Es war fast die letzte Chance für den streitlustigen Bahnchef Hartmut Mehdorn. In einer Sitzung des Konzernbetriebsrats am Freitag in Frankfurt...

Frankfurt. Es war fast die letzte Chance für den streitlustigen Bahnchef Hartmut Mehdorn. In einer Sitzung des Konzernbetriebsrats am Freitag in Frankfurt brachte er zwei Sätze über die Lippen, die er eine Woche lang vermieden hatte. Sie könnten ihm den Posten retten, sofern die Aufklärung der Datenaffäre gelingt und der Konzern zumindest bei diesem Thema wieder zur Ruhe kommt. Mehdorn sagte, der Bahnvorstand bedauere, dass es bei den Überprüfungen von Mitarbeitern "zu Verstößen gekommen ist und kein Gremium der Arbeitnehmerinteressenvertretung informiert war". Und: "Er entschuldigt sich dafür bei seinen Mitarbeitern."

Gewerkschaften und Betriebsrat hatten dies tagelang gefordert. Mehdorn hat jetzt zumindest Zeit gewonnen. Dem Konzernbetriebsrat reichte die Entschuldigung fürs Erste aus. Ihr müsse allerdings eine lückenlose Aufklärung folgen, sagte Vizevorsitzender Jens Schwarz. Bei dem Treffen mit den Betriebsräten ging es laut zur Sache. Die Stimmung sei nicht gerade freundlich gewesen, berichteten Teilnehmer. Der Rücktritt Mehdorns sei aber nicht gefordert worden.

Die Gewerkschaften Transnet und GDBA sprachen nachher von einem ersten Schritt, die "Schnüffelaffäre" sei damit aber nicht aus der Welt. Sie beharren auf einer Sondersitzung des Bahn-Aufsichtsrates am kommenden Dienstag und werden dabei von Bundesverkehrsminister Wolfgang Tiefensee (SPD) unterstützt. Aufsichtsratschef Werner Müller will das Kontrollgremium erst eine Woche später versammeln.

Der Terminstreit war am Freitag noch nicht entschieden. Bahn-Vertreter werden sich spätestens am kommenden Mittwoch wieder zur Sache äußern müssen.

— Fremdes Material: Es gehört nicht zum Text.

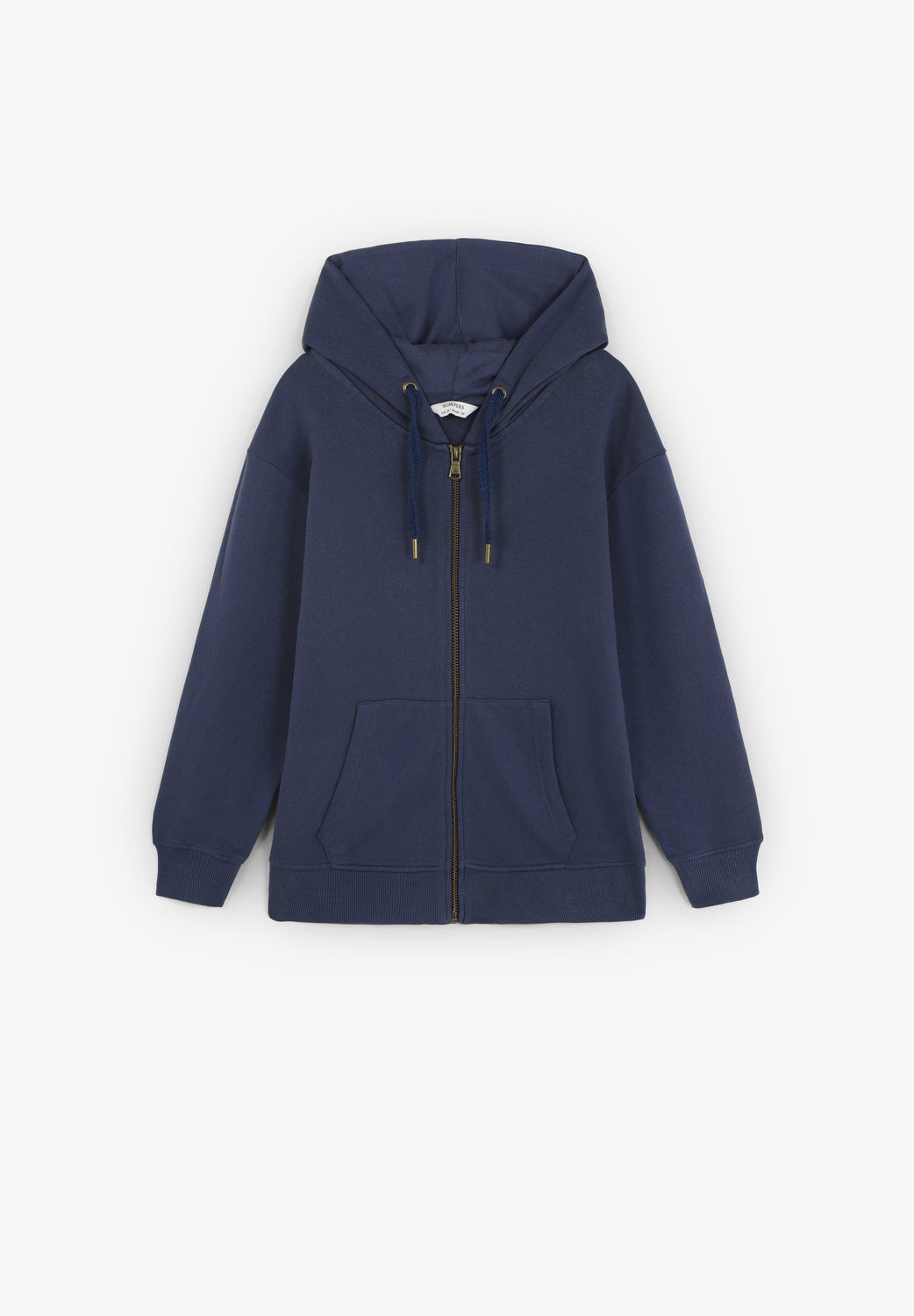 Sweatshirt confecionada em 100% algodão BCI. Capuz. Manga comprida. Acabamentos em nervuras. Fecho de correr à frente e bolsos à frente. Logótipo bordado atrás.

Dann befasst sich der Verkehrsausschuss des Bundestages aufs Neue mit der Affäre. Zu mehr als 100 Fragen verlangt er Antworten. Bahnmitarbeiter und Öffentlichkeit interessiert vor allem: War es zur Korruptionsabwehr nötig, rund drei Viertel aller Beschäftigten zu überprüfen?

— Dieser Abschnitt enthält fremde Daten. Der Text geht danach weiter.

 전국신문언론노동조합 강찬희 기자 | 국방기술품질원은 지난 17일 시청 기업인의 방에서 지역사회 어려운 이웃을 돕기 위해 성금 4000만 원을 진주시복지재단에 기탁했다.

Diente der Datenabgleich mit Adressen, Telefonnummern und Bankverbindungen von Lieferfirmen wirklich nur dem Ziel, Betrug und Bestechung aufzuklären? Warum wurden die unbescholtenen Mitarbeiter nicht wenigstens nach der Datenkontrolle informiert? Weitere Fragen dürften folgen.

In Zukunft will die Bahn auf alle Fälle vorsichtiger mit Personaldaten umgehen. Der Vorstand erklärte, "dass im Jahre 2009 keine Daten zur Mitarbeiterüberprüfung genutzt oder übermittelt werden".